Compress an image toward 5 KB and see the size achieved. Everything runs locally in your browser.
Compresses an image toward 5 KB by trying browser-supported encoder settings and, if needed, reducing dimensions, then reports the achieved size. It keeps the largest result at or under 5 KB when it can, otherwise the closest and marks it over target.
Keeps JPG, PNG, or WebP where possible and converts HEIC, TIFF, SVG, and GIF to JPG. JPG fills transparent areas with your chosen background color.
The image is processed on your device to reach 5 KB. Nothing is uploaded, and re-encoding strips EXIF and GPS metadata. Your files are never sent to imgtoolsbase or any other server.
This tool compresses an image toward 5 KB, entirely in your browser. It tries browser-supported encoder settings and, when needed, reduces the dimensions, keeping the largest result at or under 5 KB when it can.
It reports the size actually achieved. If 5 KB cannot be reached at the current dimensions, the panel shows the closest size and flags it as over target, so you can resize and try again.
Compresses toward 5 KB and reports the achieved size, keeping the largest result at or under target when it can.
If the image cannot reach 5 KB, the panel shows the closest size and flags it as over target instead of pretending it succeeded.
When targeting 5 KB it outputs the same format where possible and converts HEIC, TIFF, SVG, and GIF to JPG, which it discloses.
Compression to 5 KB happens entirely in your browser; nothing is uploaded to a server.
Meet aggressive limits like 5 KB on exam and government forms.
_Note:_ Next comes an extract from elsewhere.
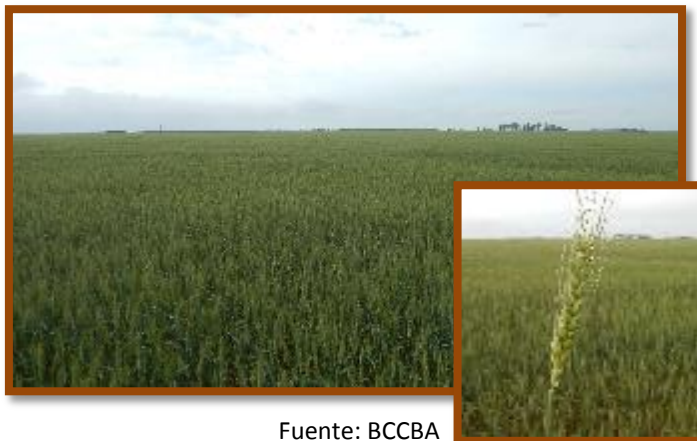
Foto tomada el 13/10/2016 a 9 km al Norte de la localidad de Villa Concepción del Tío, Dpto. San Justo.

Trigo. Estado general Muy Bueno. Fenología: Grano lechoso. No se observaron plagas y enfermedades.

Produce very small 5 KB images for lists and previews.
Fit an image under a strict 5 KB email or chat limit.
Send a 5 KB image quickly on slow connections.
No. The tool compresses toward 5 KB and reports the size it actually reaches. It keeps the largest result at or under 5 KB when it can, and tells you if the smallest it can reach is still over.
Very small targets like 5 KB are hard for detailed photos. Lower the dimensions, or accept the closest size the panel reports as the smallest practical result.
No. Compression to 5 KB runs in your browser, so the file never leaves your device.
When producing a 5 KB file it keeps JPG, PNG, or WebP where it can; HEIC, TIFF, SVG, and GIF are saved as JPG, and animated GIFs become a single still frame. JPG has no transparency, so transparent areas use the background color you pick.
If the tool re-encodes the image to reach 5 KB, it strips embedded metadata such as EXIF and GPS, which the panel notes. If the original is kept because it is already under 5 KB, its metadata is unchanged.
Tools that pair well with Compress Image to 5 KB.